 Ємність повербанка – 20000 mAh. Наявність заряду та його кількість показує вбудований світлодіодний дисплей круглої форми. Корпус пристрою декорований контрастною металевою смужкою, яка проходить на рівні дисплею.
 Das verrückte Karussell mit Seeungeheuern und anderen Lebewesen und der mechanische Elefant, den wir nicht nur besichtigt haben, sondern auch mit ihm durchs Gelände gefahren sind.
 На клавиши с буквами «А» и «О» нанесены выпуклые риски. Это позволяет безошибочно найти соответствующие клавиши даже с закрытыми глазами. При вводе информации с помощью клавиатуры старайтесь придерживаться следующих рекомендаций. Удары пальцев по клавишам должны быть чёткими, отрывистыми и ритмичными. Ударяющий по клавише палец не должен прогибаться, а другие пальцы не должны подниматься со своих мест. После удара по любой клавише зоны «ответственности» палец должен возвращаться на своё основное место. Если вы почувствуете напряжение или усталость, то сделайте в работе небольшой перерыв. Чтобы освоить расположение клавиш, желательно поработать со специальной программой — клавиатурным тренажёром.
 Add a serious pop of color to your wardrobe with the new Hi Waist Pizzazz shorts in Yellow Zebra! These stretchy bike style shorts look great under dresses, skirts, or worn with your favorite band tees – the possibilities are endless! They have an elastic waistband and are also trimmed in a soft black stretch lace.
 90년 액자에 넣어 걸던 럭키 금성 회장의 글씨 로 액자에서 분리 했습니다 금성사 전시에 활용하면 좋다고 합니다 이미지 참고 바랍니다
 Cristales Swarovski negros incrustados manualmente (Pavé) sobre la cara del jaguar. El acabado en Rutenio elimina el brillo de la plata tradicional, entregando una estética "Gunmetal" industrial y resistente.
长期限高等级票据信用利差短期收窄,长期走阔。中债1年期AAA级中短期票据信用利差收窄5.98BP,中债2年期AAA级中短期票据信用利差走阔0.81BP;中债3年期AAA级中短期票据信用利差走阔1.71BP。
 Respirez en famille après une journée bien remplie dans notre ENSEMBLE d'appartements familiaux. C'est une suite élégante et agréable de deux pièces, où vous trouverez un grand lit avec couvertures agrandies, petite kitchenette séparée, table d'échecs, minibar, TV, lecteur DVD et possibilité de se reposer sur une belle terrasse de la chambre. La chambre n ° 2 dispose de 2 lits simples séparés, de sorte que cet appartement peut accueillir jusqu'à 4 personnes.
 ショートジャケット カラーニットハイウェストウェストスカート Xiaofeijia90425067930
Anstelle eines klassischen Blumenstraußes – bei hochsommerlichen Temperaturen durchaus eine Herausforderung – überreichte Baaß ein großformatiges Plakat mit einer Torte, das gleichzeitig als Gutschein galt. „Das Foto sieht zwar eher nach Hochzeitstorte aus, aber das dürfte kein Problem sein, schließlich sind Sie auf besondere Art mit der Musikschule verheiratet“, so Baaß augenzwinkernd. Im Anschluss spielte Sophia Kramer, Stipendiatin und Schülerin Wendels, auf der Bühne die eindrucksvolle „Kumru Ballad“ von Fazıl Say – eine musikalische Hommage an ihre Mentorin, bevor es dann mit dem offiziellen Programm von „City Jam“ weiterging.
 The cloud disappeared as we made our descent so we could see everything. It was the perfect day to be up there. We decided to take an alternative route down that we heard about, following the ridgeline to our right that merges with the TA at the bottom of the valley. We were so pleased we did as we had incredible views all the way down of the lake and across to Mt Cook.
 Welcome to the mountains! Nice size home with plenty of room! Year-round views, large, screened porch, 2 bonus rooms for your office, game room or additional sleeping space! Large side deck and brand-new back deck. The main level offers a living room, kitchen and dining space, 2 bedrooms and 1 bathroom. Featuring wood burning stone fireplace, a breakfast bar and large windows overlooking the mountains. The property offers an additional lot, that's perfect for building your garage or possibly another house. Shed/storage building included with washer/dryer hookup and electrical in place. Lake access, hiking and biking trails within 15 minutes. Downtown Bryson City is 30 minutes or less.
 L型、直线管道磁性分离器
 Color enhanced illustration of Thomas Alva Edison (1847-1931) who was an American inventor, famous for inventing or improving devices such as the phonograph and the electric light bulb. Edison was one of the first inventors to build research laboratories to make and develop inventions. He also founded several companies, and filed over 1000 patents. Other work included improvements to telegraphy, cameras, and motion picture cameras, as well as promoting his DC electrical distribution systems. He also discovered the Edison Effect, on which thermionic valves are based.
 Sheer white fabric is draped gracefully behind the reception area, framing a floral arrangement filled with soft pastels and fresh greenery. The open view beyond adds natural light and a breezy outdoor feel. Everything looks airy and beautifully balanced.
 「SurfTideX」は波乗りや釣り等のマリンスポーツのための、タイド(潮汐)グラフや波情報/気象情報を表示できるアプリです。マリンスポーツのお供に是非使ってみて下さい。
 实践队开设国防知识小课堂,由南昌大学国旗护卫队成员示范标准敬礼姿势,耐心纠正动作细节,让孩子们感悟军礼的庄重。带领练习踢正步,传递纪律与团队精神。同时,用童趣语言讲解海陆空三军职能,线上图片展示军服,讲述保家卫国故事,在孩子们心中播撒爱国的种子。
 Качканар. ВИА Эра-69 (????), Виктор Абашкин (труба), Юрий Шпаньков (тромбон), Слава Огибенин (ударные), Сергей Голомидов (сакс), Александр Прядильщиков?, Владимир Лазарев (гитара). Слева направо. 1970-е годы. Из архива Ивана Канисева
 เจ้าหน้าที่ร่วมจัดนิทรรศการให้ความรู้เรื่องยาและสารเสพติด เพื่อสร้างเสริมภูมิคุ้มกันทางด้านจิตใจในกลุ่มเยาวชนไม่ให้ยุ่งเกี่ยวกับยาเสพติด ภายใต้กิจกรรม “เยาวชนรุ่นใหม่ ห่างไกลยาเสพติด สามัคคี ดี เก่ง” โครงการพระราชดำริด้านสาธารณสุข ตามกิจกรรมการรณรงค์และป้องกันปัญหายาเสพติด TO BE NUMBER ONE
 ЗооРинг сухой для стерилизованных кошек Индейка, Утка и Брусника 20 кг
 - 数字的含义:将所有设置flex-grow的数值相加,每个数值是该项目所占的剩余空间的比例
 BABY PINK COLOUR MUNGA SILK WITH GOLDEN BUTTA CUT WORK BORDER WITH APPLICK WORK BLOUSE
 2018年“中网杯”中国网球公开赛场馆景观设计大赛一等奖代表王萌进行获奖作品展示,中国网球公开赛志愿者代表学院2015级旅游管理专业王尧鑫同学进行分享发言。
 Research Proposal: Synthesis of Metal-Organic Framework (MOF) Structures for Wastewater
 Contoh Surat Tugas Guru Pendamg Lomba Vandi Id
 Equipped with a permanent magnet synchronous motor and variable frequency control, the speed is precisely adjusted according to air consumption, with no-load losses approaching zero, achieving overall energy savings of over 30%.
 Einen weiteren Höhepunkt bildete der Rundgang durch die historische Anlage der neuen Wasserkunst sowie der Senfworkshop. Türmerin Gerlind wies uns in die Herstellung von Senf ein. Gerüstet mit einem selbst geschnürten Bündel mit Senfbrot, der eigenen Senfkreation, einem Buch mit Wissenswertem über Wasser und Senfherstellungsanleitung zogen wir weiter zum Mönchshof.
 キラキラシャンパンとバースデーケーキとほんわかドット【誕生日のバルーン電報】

════════

→ **TASK REQUIREMENTS**:
Your task for the entries above: copy exactly the span starting with the line with "Качканар. ВИА Эра-69" and going on through the line with "Equipped with a", both lines included, and nothing else.

→ **TASK SOLUTION**:
 Качканар. ВИА Эра-69 (????), Виктор Абашкин (труба), Юрий Шпаньков (тромбон), Слава Огибенин (ударные), Сергей Голомидов (сакс), Александр Прядильщиков?, Владимир Лазарев (гитара). Слева направо. 1970-е годы. Из архива Ивана Канисева
 เจ้าหน้าที่ร่วมจัดนิทรรศการให้ความรู้เรื่องยาและสารเสพติด เพื่อสร้างเสริมภูมิคุ้มกันทางด้านจิตใจในกลุ่มเยาวชนไม่ให้ยุ่งเกี่ยวกับยาเสพติด ภายใต้กิจกรรม “เยาวชนรุ่นใหม่ ห่างไกลยาเสพติด สามัคคี ดี เก่ง” โครงการพระราชดำริด้านสาธารณสุข ตามกิจกรรมการรณรงค์และป้องกันปัญหายาเสพติด TO BE NUMBER ONE
 ЗооРинг сухой для стерилизованных кошек Индейка, Утка и Брусника 20 кг
 - 数字的含义:将所有设置flex-grow的数值相加,每个数值是该项目所占的剩余空间的比例
 BABY PINK COLOUR MUNGA SILK WITH GOLDEN BUTTA CUT WORK BORDER WITH APPLICK WORK BLOUSE
 2018年“中网杯”中国网球公开赛场馆景观设计大赛一等奖代表王萌进行获奖作品展示,中国网球公开赛志愿者代表学院2015级旅游管理专业王尧鑫同学进行分享发言。
 Research Proposal: Synthesis of Metal-Organic Framework (MOF) Structures for Wastewater
 Contoh Surat Tugas Guru Pendamg Lomba Vandi Id
 Equipped with a permanent magnet synchronous motor and variable frequency control, the speed is precisely adjusted according to air consumption, with no-load losses approaching zero, achieving overall energy savings of over 30%.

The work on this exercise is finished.